Методы лечения принципиально различаются в зависимости от показателей диуреза:

  • Диурез сохранен и составляет более 30 мл/ч – проводится активная инфузионная терапия с большим объемом вливаемой жидкости и форсированный диурез, перед проведением которого обязательно предварительное введение бикарбоната натрия (для ощелачивания мочи и предотвращения образования солянокислого гематина);
  • Диурез менее 30 мл/ч (стадия олигоанурии) – строгое ограничение вводимой жидкости при инфузионной терапии. Проведение форсированного диуреза противопоказано. В этой стадии обычно применяют гемосорбцию и гемодиализ, т. к. выражена почечная недостаточность.

Прогнозы

Прогноз пациента напрямую зависит от раннего оказания противошоковых мероприятий и полноты лечения. Проведение терапии в первые несколько часов (5-6 ч) заканчивается благоприятным исходом в 2/3 случаев, т. е. пациенты полностью выздоравливают.

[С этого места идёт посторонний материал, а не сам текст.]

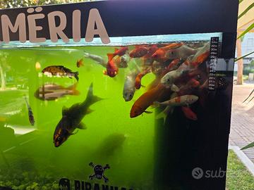 vendo per chiusura attività, mega, fantastico bellissimo acquario di 1300 litri di acqua. dimensioni: larghezza 280cm; profondità 70cm×70cm×70cm. sottostante tavolo di acciaio inox di 110cm di altezza compreso pompa d'acqua di filtraggio e 40/50 pesci rossi misura da 15 a 40cm. senza trasporto ne spedizione ritiro su luogo Lignano sabbiadoro. Per informazioni ricevo solo telefonate 349 79 11 0 63 ignoro whatsapp e mail chiedere di sako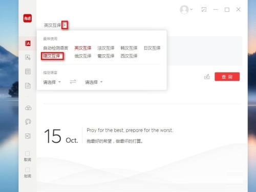 第一步:打开有道词典,点击左上的倒三角图标,图中红圈处(如图所示)。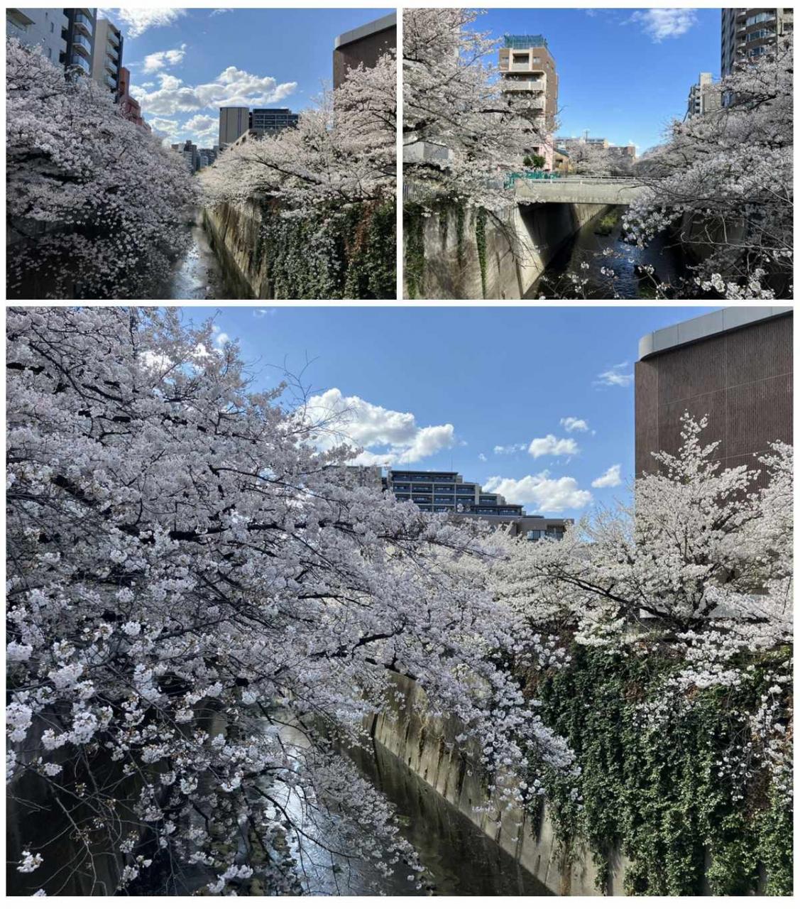 豊橋から眺める神田川と桜

У 1/3 больных остаются необратимые осложнения, перерастающие в хронические патологии систем и органов.

Чаще всего это бывает при развитии тяжелой почечной недостаточности, тромбозах жизненно важных сосудов (головного мозга, сердца).

При несвоевременном или неполноценном оказании неотложной помощи исход для пациента может быть летальным.

Переливание крови – очень важная и нужная процедура, которая лечит и спасает множество людей, но чтобы донорская кровь принесла пациенту пользу, а не вред, необходимо тщательно соблюдать все правила ее переливания.

Этим занимаются специально обученные люди, которые работают в отделения или станциях переливания крови. Они тщательно подбирают доноров, кровь после забора проходит все стадии подготовки, проверки на безопасность и т. д.

Переливание крови, также как и подготовка, процесс тщательно проверяемый, проводимый только обученными профессионалами. Именно благодаря работе этих людей сегодня это процесс достаточно безопасный, риск возникновения осложнений низкий, а количество спасенный людей очень большое.